= John Thomson (composer) =

Scottish classical composer

John Thomson (28 October 1805 - 18 May 1841) was a Scottish classical composer. He was born in Sprouston, Roxburghshire, the son of Andrew Mitchell Thomson, the minister of Sprouston Church.

Portrait of John Thomson by William Smellie Watson

==Life and career==
Thomson studied in Germany with a letter of introduction to the Mendelssohn family, and his Drei Lieder were published in Leipzig in 1838. John Purser contends that we have to look to Schumann to find anything comparable to these songs published two years before Schumann composed any songs in his mature style. The first song, Keiner von den Schönheit Töchtern, is based on the poem There be none of beauty's daughters by Byron, set in German by Thomson to match the other songs.

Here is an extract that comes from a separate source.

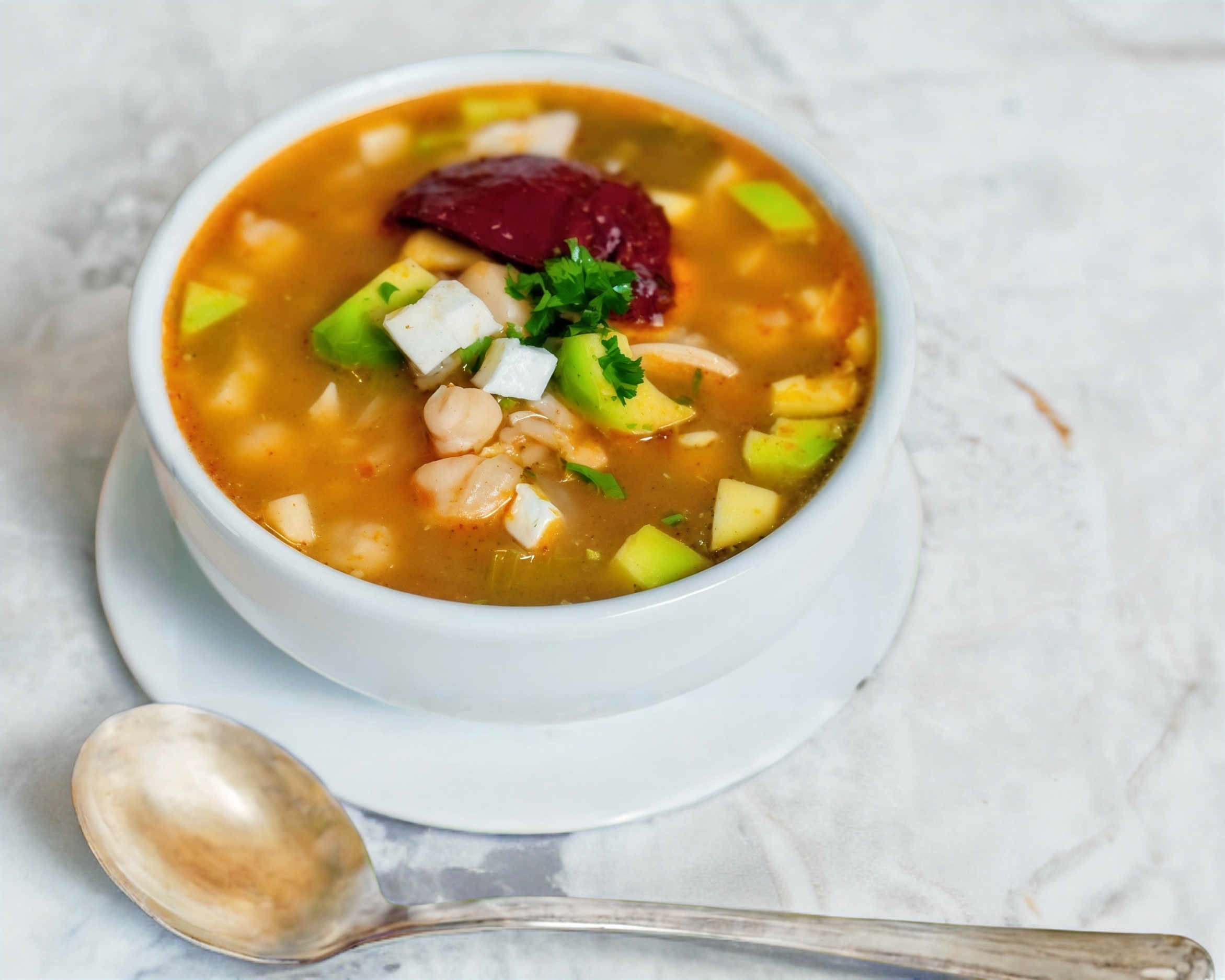 Rico menudo con sus complementos (chile de ábol, orégano, limón, cebolla y pan francés).

Thomson became the first Reid Professor of Music at the University of Edinburgh in 1838. As a musicologist he edited the Vocal Melodies of Scotland, and he was one of the first conductors to provide his audience with a programme of his concerts giving a critical analysis of the works to be performed. His other compositions included a fine bagatelle for solo piano, a six-part Glee With Whispering Winds, three operas, a flute concerto and a flute quartet, and concert arias. However his career was cut short by his death in 1841.

Among Thompson's compositions admired by his younger contemporary Felix Mendelssohn when they met in Edinburgh in the summer of 1829 was a G minor piano trio of 1826, in which stormy and sometimes fierce passages are mixed with Schubertian warmth. Another favourite of Mendelssohn's was his lively rondo of 1828. They became friends and Fanny Mendelssohn is cited as saying that she liked Thomson "best of all the Britons I know". Thomson's C major trio is described as a fine work.

Subsequently, his work was little performed, but it was featured in John Purser's Scotland's Music series, and a group of people in Kelso organised a bicentennial festival in 2005. Scores of some of John Thomson's compositions are available on the website of the International Music Score Library Project.